Anyway, I successfully have 6 pods running now! Unfortunately, that didn't seem to resolve the issue :( I can continually reload https://pageviews.toolforge.org/?project=en.wikipedia.org&platform=all-access&agent=user&redirects=0&range=latest-20&pages=Cat|Dog for instance and every 5-10th time, the request to /pageviews/api.php will hang and be cancelled after ~8 seconds, and you'll see "Data unavailable" under "Revisions" on the right side.

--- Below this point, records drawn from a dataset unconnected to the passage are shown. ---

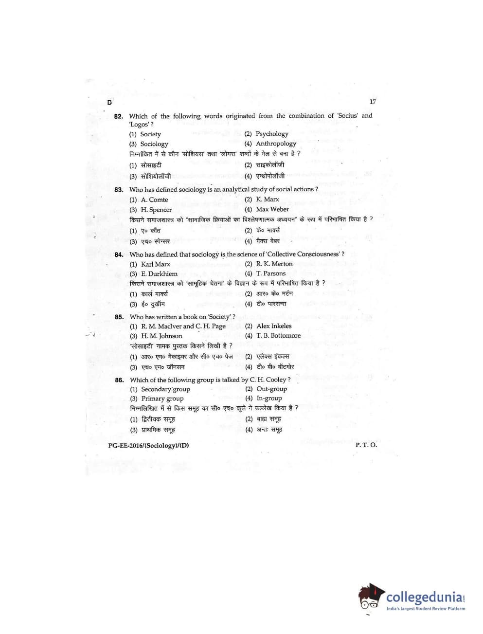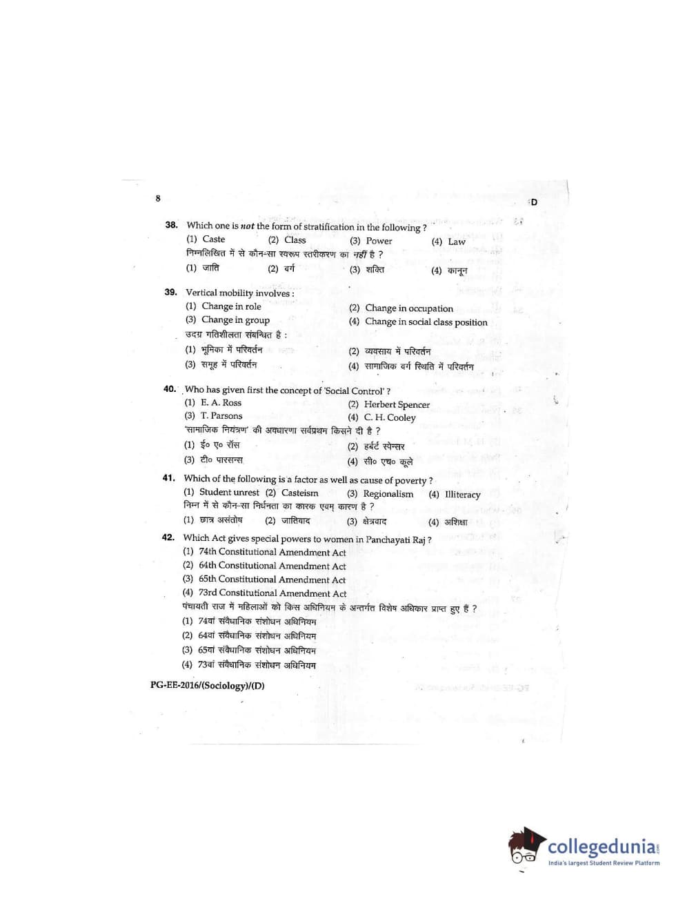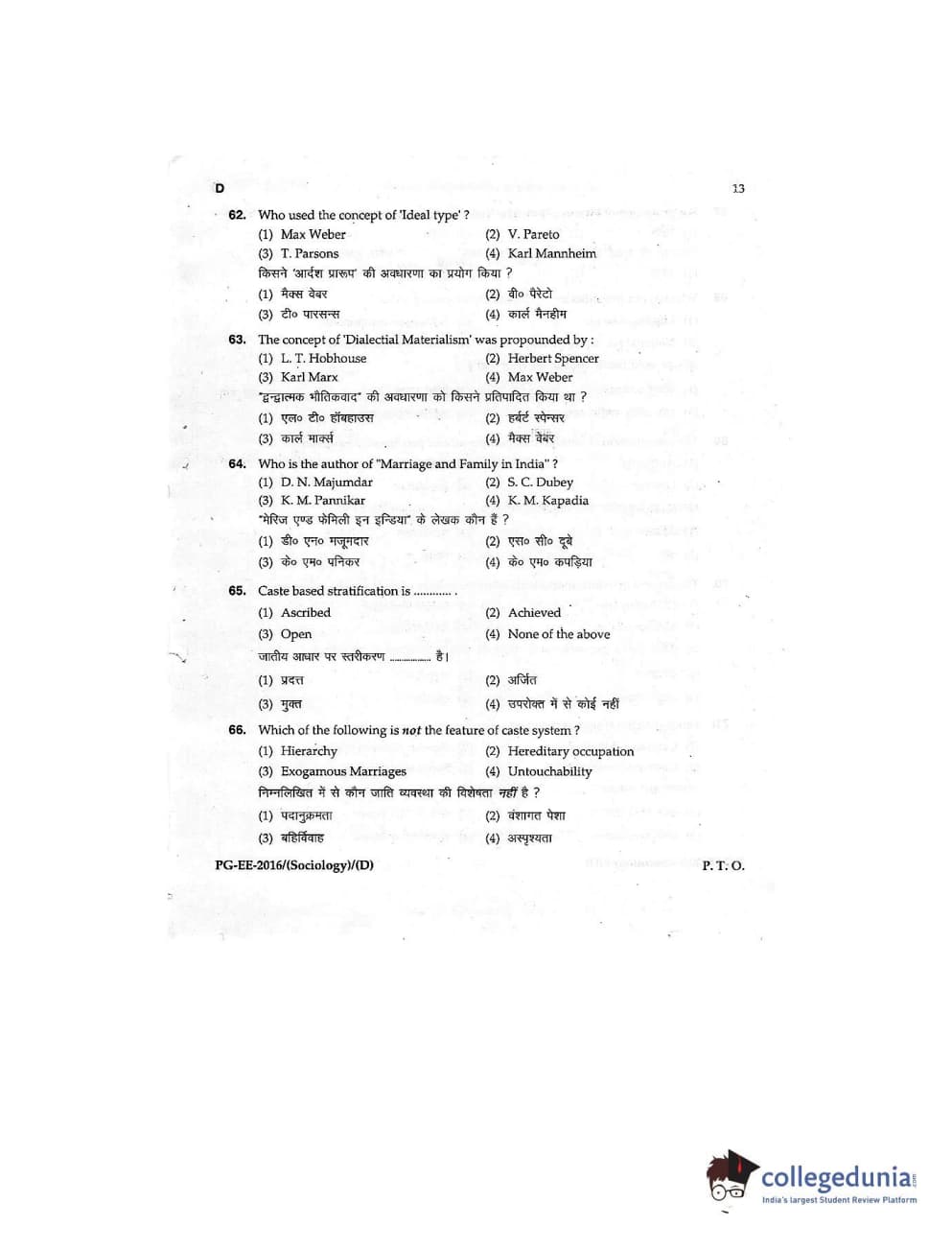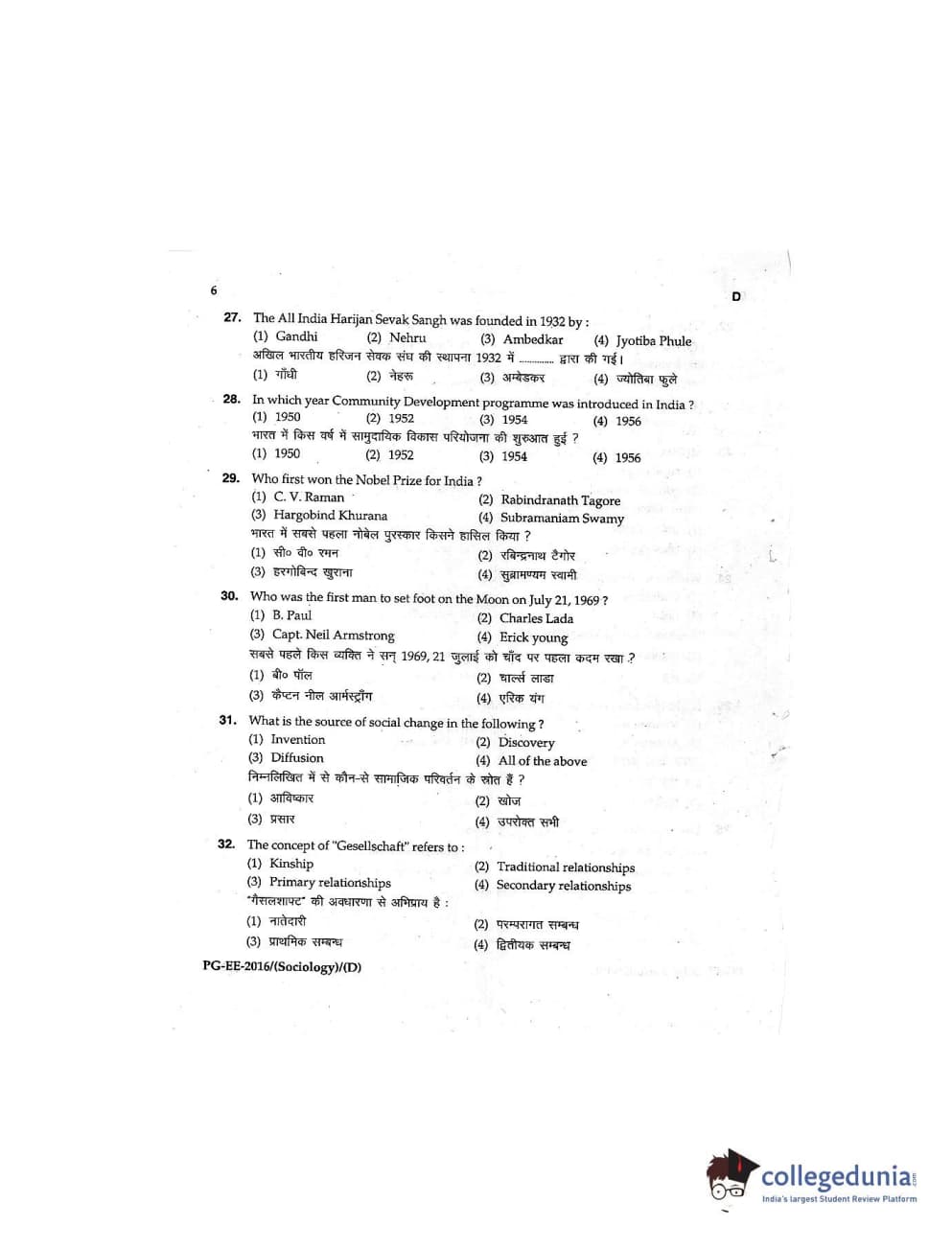 MDUCEE 2016 M.A (Sociology) Set D Question Paper with Answer Key PDFs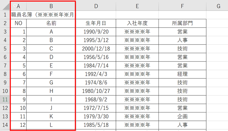次に、エクセルで最初の2列を常に表示する方法を説明していきます。
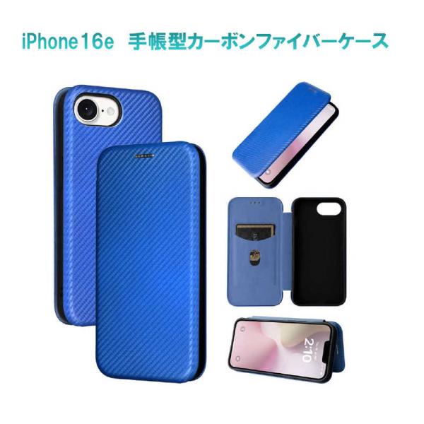 ROYALMONSTER iPhone 16e カーボンファイバー手帳型ケース BL RM-5300-16eBL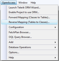 Now that the connection to the database has been set up and the project has been enabled, it’s time to launch the reverse mapping wizard. With your project selected, select OpenAccess | Reverse Mapping (Tables to Classes)… from the Visual Studio menu.

Maybe more pods isn't the answer? I tried --replicas=10 --cpu=200m and still no dice :( Prometheus graph is still showing a steady stream of 499s: https://tools-prometheus.wmflabs.org/tools/graph?g0.range_input=1w&g0.end_input=2022-02-16%2011%3A52&g0.expr=sum(nginx_ingress_controller_request_duration_seconds_sum%7Bnamespace%3D%22tool-pageviews%22%7D)%20by%20(status)%20%2F%20sum(nginx_ingress_controller_request_duration_seconds_count%7Bnamespace%3D%22tool-pageviews%22%7D)%20by%20(status)&g0.tab=0

It definitely sounds like an increase in quota won't solve this, since Pageviews isn't using that much anyway (and an increase in pod counts didn't solve it)? I'm happy to close this and move discussion back to T301649, if you'd like.

Thank you all so much for the help!